Thursday, January 14, 2010

Read and Learn -- Blogging and Communication

I belong to a decent sized church. Like most we have a Sunday bulletin with announcements, a newsletter, a weekly email about the sermon; all of which I read faithfully. That puts me in a pretty small group from what I hear. So, on one hand I hear that many people in the Congregation don't read all of the Church news made available. On the other hand, I do read it all; and I still am frequently surprised about things that are going on. My guess is that isn't unusual. I have made the following suggestion to my church and would love comments or suggestions.

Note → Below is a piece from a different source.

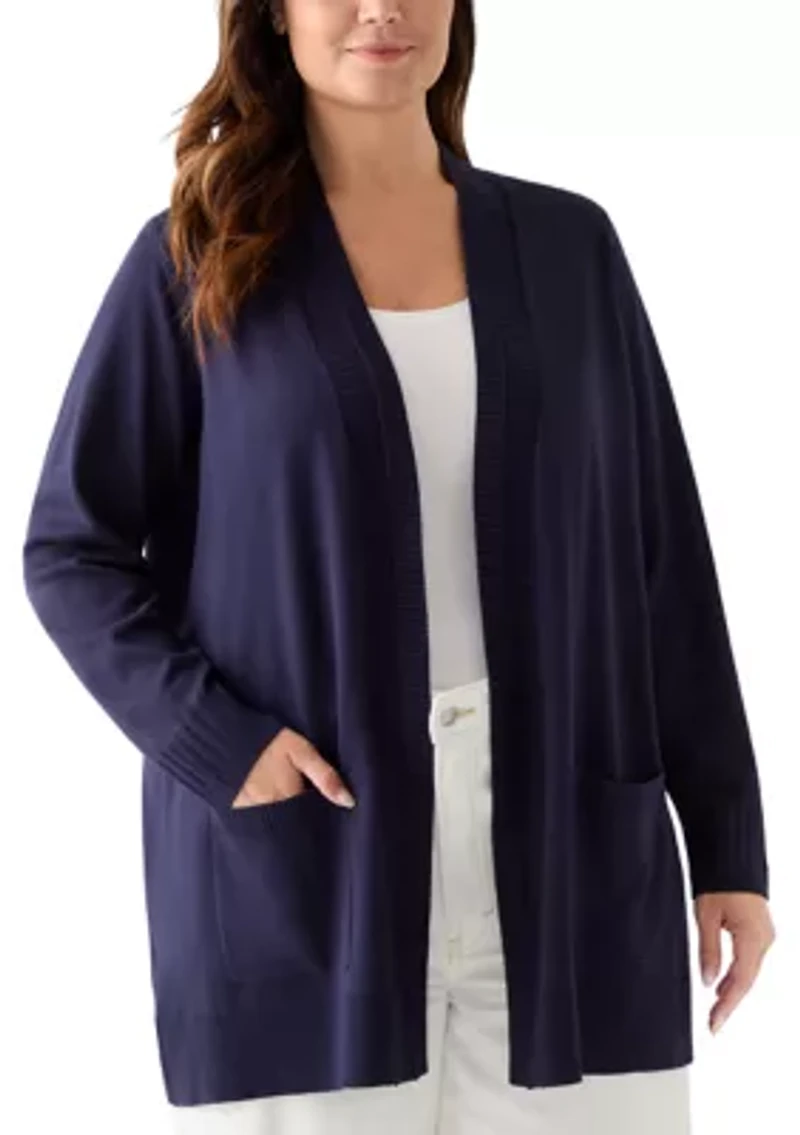 Plus Solid Rib Trim Open Cardigan
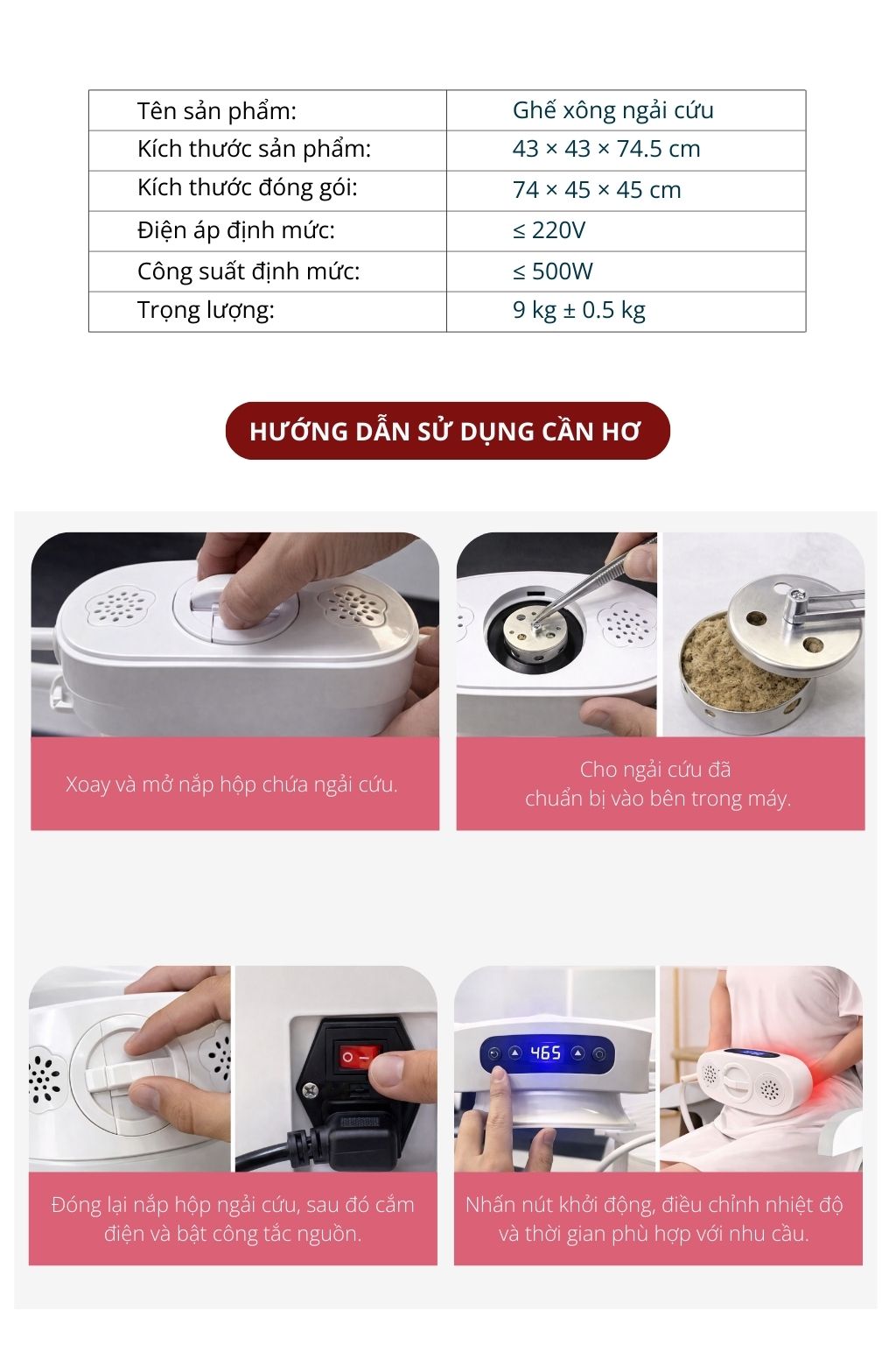 Máy làm nóng nhanh, mùi ngải cứu dễ chịu ba mẹ mình rất thích

A blog, preferably a multi-column format so that different topics could be grouped into different feeds. This has to be lay run -- NO STAFF. I want the people doing things -- signing up families for Angel Food, singing in the choir, decorating for Christmas, working with a local homeless addict, serving on committees, teaching Sunday School, planning retreats and mission trips -- all the stuff going on in the church to post human interest kinds of things on one or another of the blog feeds. No ads, no staff, nothing formal just human interest stories, ideas being talked about in committees, problems with the new security system; just stuff. No full names, no personal info. The church newsletter can pick up a couple of the posts to include in each issue of the printed newsletter.

I see this as potentially solving three problems. First, assuming that I can get people from throughout the church to contribute and their friends all start reading, word should spread pretty rapidly about the things that are happening around us. Second, there is nothing more likely to encourage involvement than to see someone else who is just like you (and not clergy or other paid staff) involved. Third, it should provide great content for search engine spiders enhancing the Church's own Internet presence.

I realize that keeping the feeds fed will be difficult, and might be impossible. Trying to find the people to keep content flowing may be more than I can handle. Assuming, however, that the content end is manageable; what problems do you see and what do you think will come of it?

JusticeSeeker
JusticeSeekerOK@aol.com

3 comments:

  1. I've wondered the same thing. It would seem to me logical to allow the various committees and groups associated with a church the ability and responsibility to be in charge of their own on line information. I wonder why we don't?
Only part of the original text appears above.